En el folleto se nos da cuenta del hibridismo recurrente mediante el que Ishida buscaría mostrar “una nueva e inescapable forma de esclavitud que no distingue entre trabajo y consumo, alimentando la ansiedad de los cuerpos y las subjetividades” (2). En efecto, las pinturas de este artista dejarían entrever la usurpación del vitalismo por la implacable dictadura de lo funcional-objetual. Nos refieren la estandarización de la espontaneidad que se da en todas las sociedades; más cuanto más desarrolladas. Y para lograr tal cosa hace uso de lo sinecdótico-fetichista sublimando líricamente enseres los cuales son elevados a impensados anaqueles de sublimidad en aras de devenir en elementos de conjuntos expresionistas, simbólicos, surreales… con fondo de perspicaz e inusitada denuncia.
Al mostrar la objetualización del hombre por el hombre (o la autoanimalización de este) lo hace mediante una plúmbea angostura que refleja el más desencantado repliegue del individuo sobre sí mismo, sensaciones agudizadas por unas tonalidades embebidas de la grisura ambiente captada y plasmada por Ishida.
El aturdimiento salta de las pinturas para asir nuestra observadora expectativa con su solanesca garra, mostrándonos una tristeza bidimensional: gestual (en los rostros de los recauchutados seres ¿antropomórficos?) y cromática (en la atmósfera toda de cada cuadro), que no sería sino la enunciación plástica de la ya irremisible desnaturalización del ser humano y del mundo en rededor. Se nos presenta al hombre como un producto manufacturado y conducido hacia un destino incierto. Llega a pintar niños-fleje o niños paquete.
Es en definitiva la de Tetsuya Ishida una mirada lúcido-lúdica y de un profundo pesimismo, del que nos salva, en última instancia, el afinado humor residente en todas las piezas. Y, asimismo, como ya ha quedado apuntado, se atisba prontamente poesía en los cuadros de Ishida, en el seno de la más palmaria deshumanización que el artista nipón pone frente a nosotros. Servirían, sin duda, visto lo visto, las siguientes palabras de Rodolfo Cardona sobre Ramón Gómez de la Serna para este artista: “llega a posesionarse de la realidad circundante y, al hacerlo, la transforma y la convierte en arte, lo cual significa dar forma a esa realidad para que nosotros la veamos mejor.

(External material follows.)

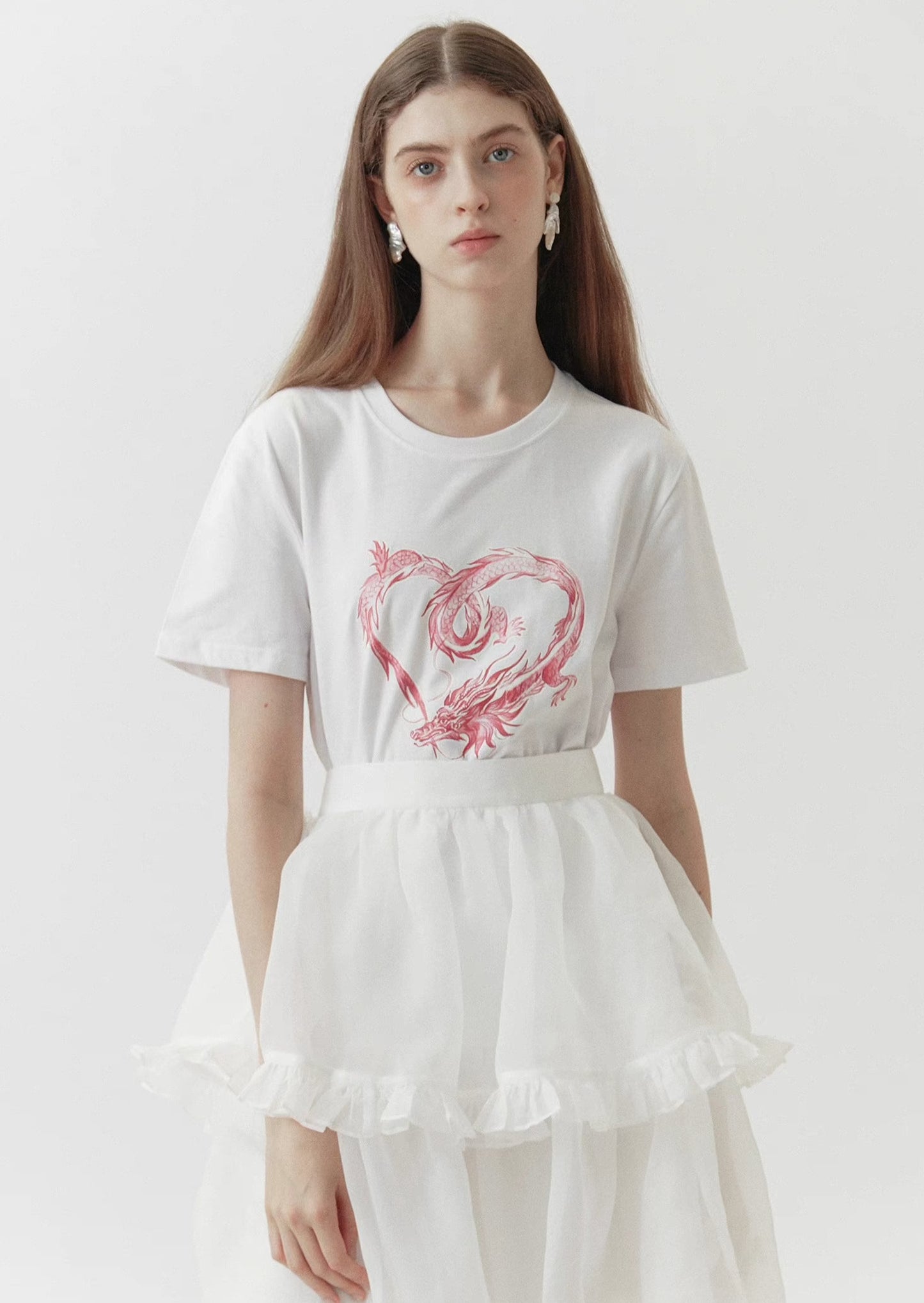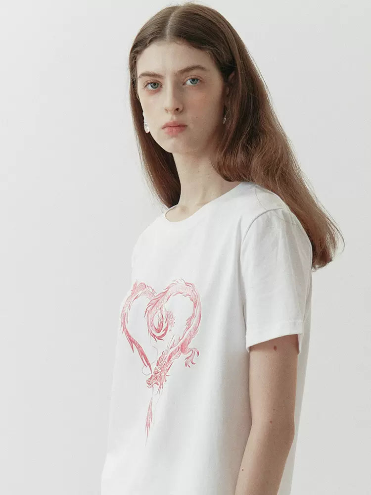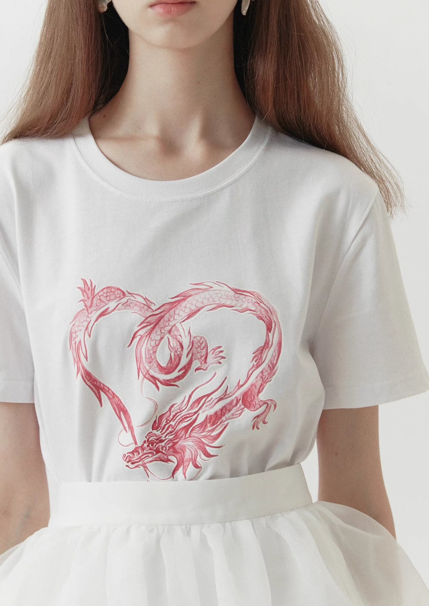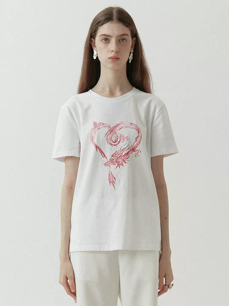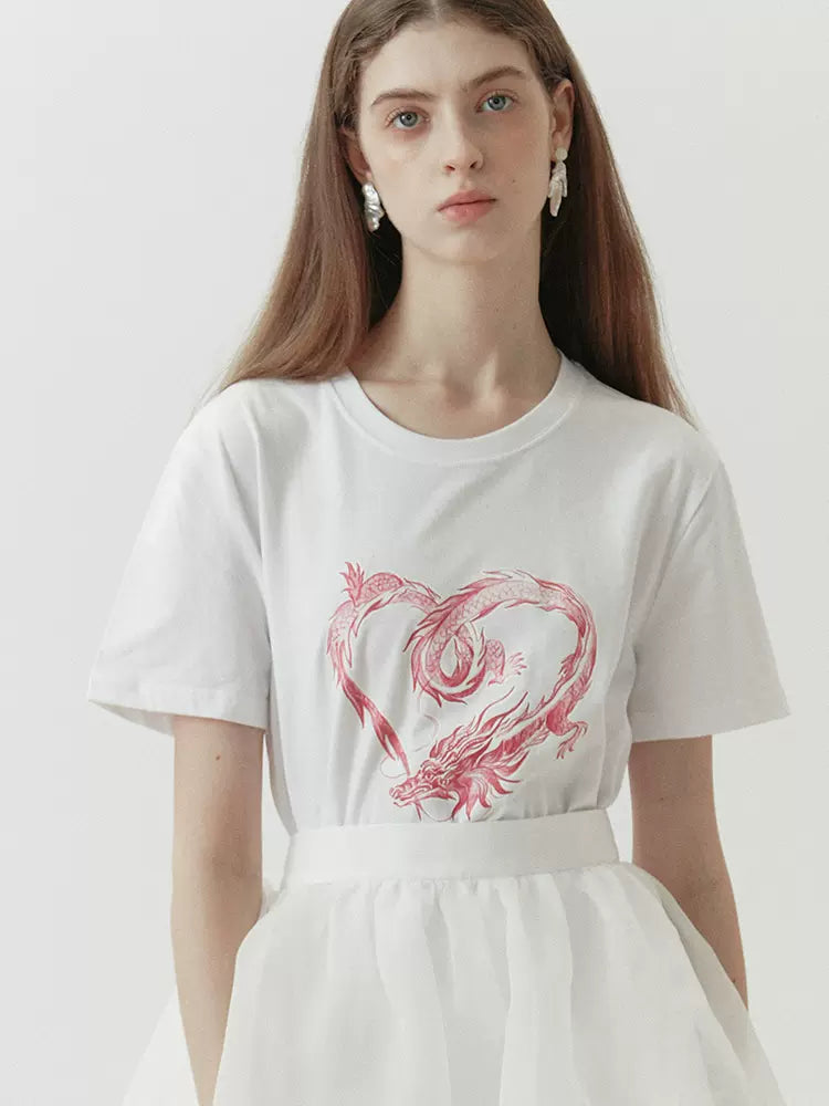 dragon sticker white round neck short-sleeved T-shirt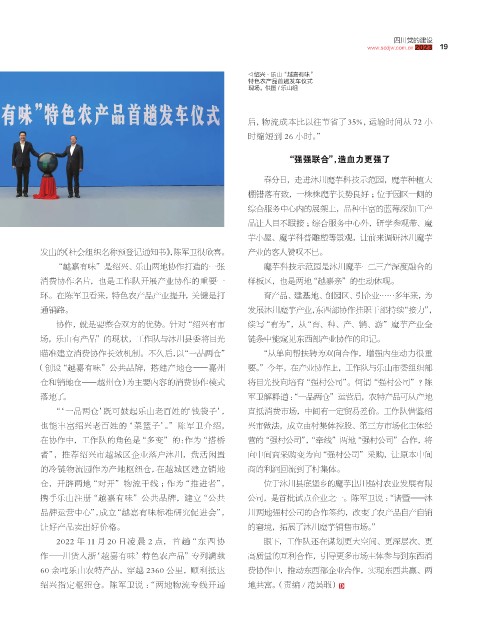 仓,开辟两地“对开”物流干线 ;作为“推进者”, 位于沐川县底堡乡的魔芋出川强村农业发展有限

El humor en Ramón no es, pues, una simple técnica literaria o retórica, sino que corresponde a su visión de la vida y del mundo. Él es el verdadero ‘homo ludens’ y por medio de su juego constante logra percibir el verdadero significado de las cosas y consigue asimismo percatarse de lo serio que es el juego de la vida” (3).
Como Ramón Gómez de la Serna, Tetsuya Ishida supo percibir el choque entre objetos y realidades “a priori” indiferentes entre sí y supo trasladar poéticamente el escalofrío interior que le producía el trasfondo de una realidad ineludiblemente desapacible cuando se la mira en (y con) profundidad.
Notas (1) [La Exposición tendrá lugar del 11 de abril al 8 de septiembre de 2019 en el Parque del Retiro (Palacio de Velázquez)]. (2) ______ (2019): “Tetsuya Ishida. Autorretrato del otro”, “Museo Nacional Centro de Arte Reina Sofía”. (3) Cardona, R. (Ed. de) (2008): Gómez de la Serna, R.: “Greguerías”, Cátedra.